§ EXERCISE:
Within the records below, find the line with "Farmers and cattle" and the line with "Pakke med bilderamme", then reproduce exactly those two lines and all lines between them, without any picture.

START SOURCE DATA

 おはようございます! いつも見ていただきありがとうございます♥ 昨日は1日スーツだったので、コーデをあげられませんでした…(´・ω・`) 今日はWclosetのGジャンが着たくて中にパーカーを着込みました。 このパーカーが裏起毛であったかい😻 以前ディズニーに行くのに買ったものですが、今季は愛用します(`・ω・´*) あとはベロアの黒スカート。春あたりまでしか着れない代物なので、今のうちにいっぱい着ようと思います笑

END SOURCE DATA
START SOURCE DATA

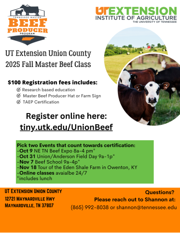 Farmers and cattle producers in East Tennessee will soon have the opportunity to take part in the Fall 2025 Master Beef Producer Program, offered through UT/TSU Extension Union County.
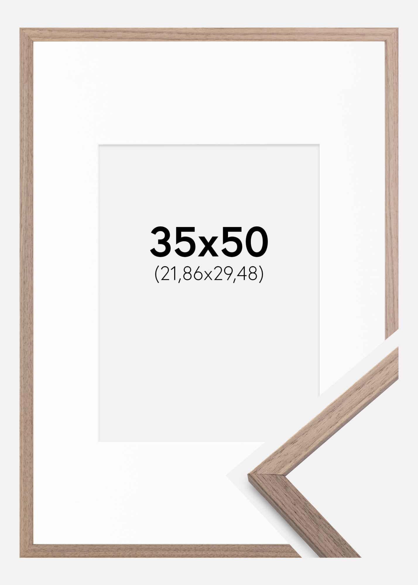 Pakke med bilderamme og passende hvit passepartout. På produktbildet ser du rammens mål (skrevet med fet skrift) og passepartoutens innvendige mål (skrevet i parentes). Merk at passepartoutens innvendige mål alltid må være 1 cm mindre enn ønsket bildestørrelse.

END SOURCE DATA

§ OUTPUT BELOW:
 Farmers and cattle producers in East Tennessee will soon have the opportunity to take part in the Fall 2025 Master Beef Producer Program, offered through UT/TSU Extension Union County.
 Pakke med bilderamme og passende hvit passepartout. På produktbildet ser du rammens mål (skrevet med fet skrift) og passepartoutens innvendige mål (skrevet i parentes). Merk at passepartoutens innvendige mål alltid må være 1 cm mindre enn ønsket bildestørrelse.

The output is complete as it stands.